Friday 13 August 2021

How to acess the physical address from linux kernel space?

 

  1. Get a virtual address mapping setup to the registers in question using ioremap
  2. Use readl/writel to manipulate the physical memory.


examples :

void __iomem *regs = ioremap(0xdead0000, 4);

pr_info("0xdead0000: %#x\n", readl(regs));

iounmap(regs);
write examples:
 void __iomem *regs;
 regs = ioremap(0xa90260, 4);
 writel(0x4380f, regs);

Allocation of I/O memory is not the only required step before that memory may be accessed. You must also ensure that this I/O memory has been made accessible to the kernel. So a mapping must be set up first.

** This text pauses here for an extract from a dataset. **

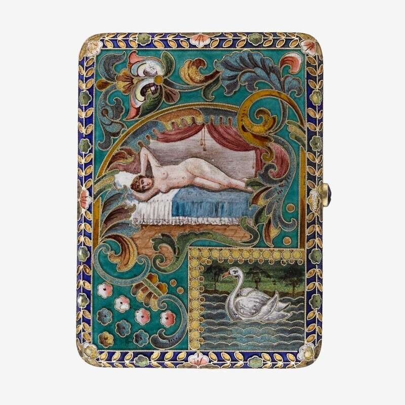 Of typical form, allover decorated in scrolling foliate motifs in shaded enamel, both sides with a swan swimming lower right, the front enameled en plein with a voluptueuse en couchant.

This is the role of the ioremap function.

void *ioremap(unsigned long phys_addr, unsigned long size);
void *ioremap_nocache(unsigned long phys_addr, unsigned long size);
void iounmap(void * addr);

The function is designed specifically to assign virtual addresses to I/O memory regions.

The proper way of getting at I/O memory is via a set of functions (defined via ) provided for that purpose.

To read from I/O memory, use one of the following:

unsigned int ioread8(void *addr);
unsigned int ioread16(void *addr);
unsigned int ioread32(void *addr);

Here, addr should be an address obtained from ioremap and the return value is what was read from the given I/O memory.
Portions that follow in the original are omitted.